Input: edges = [[0,1],[1,2],[1,3],[4,2]], guesses = [[1,3],[0,1],[1,0],[2,4]], k = 3 Output: 3 Explanation: Root = 0, correct guesses = [1,3], [0,1], [2,4] Root = 1, correct guesses = [1,3], [1,0], [2,4] Root = 2, correct guesses = [1,3], [1,0], [2,4] Root = 3, correct guesses = [1,0], [2,4] Root = 4, correct guesses = [1,3], [1,0] Considering 0, 1, or 2 as root node leads to 3 correct guesses.

Python Solution

class Solution: def rootCount( self, edges: List[List[int]], guesses: List[List[int]], k: int ) -> int: def dfs1(i, fa): nonlocal cnt for j in g[i]: if j != fa: cnt += gs[(i, j)] dfs1(j, i) def dfs2(i, fa): nonlocal ans, cnt ans += cnt >= k for j in g[i]: if j != fa: cnt -= gs[(i, j)] cnt += gs[(j, i)] dfs2(j, i) cnt -= gs[(j, i)] cnt += gs[(i, j)] g = defaultdict(list) for a, b in edges: g[a].append(b) g[b].append(a) gs = Counter((u, v) for u, v in guesses) cnt = 0 dfs1(0, -1) ans = 0 dfs2(0, -1) return ans

Complexity

The time complexity is O(n+m)O(n + m)O(n+m) and the space complexity is O(n+m)O(n + m)O(n+m), where nnn and mmm are the lengths of edgesedgesedges and guessesguessesguesses respectively.
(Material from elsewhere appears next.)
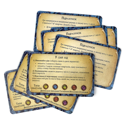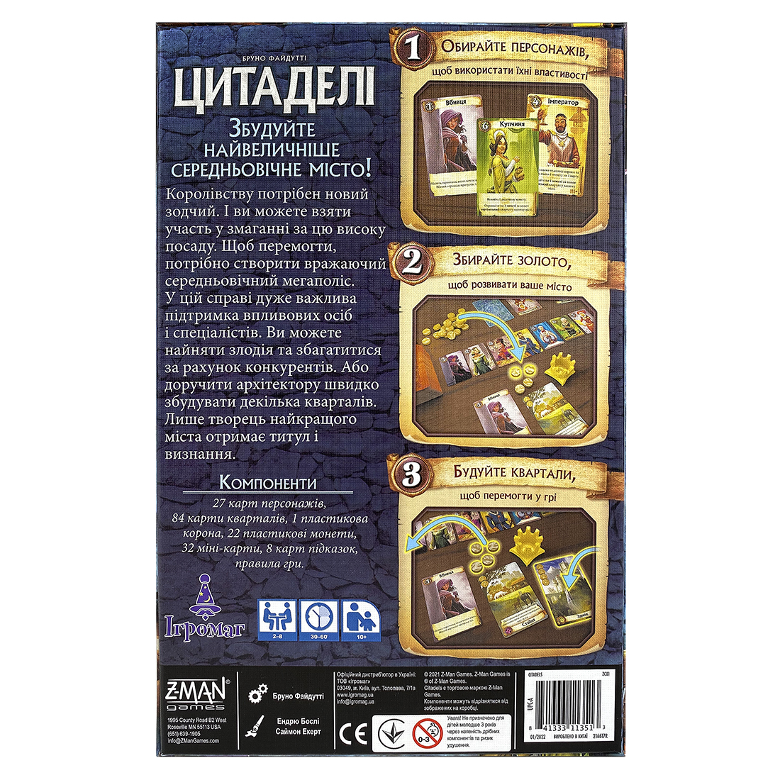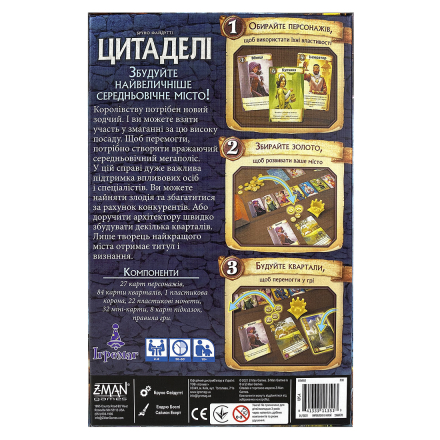Цитадели 2016 – это новое переиздание мегапопулярной настольной игры Цитадели, которая завоевала любовь игроков по всему миру. Благодаря увлекательному игровому процессу, азарту, хитрым уловкам, блефу и ярким эмоциям, Цитадели никогда не устаревают. В эту игру с удовольствием играют на вечеринках и днях рождения, на корпоративах и на отдыхе, дети и взрослые. И сейчас перед вами украинское издание этой шедевральной игры!

The space complexity is O(n+m)O(n + m)O(n+m), where nnn and mmm are the lengths of edgesedgesedges and guessesguessesguesses respectively.

Edge Cases and Pitfalls

Watch for boundary values, empty inputs, and duplicate values where applicable. If the problem involves ordering or constraints, confirm the invariant is preserved at every step.

Summary

This Python solution focuses on the essential structure of the problem and keeps the implementation interview-friendly while meeting the constraints.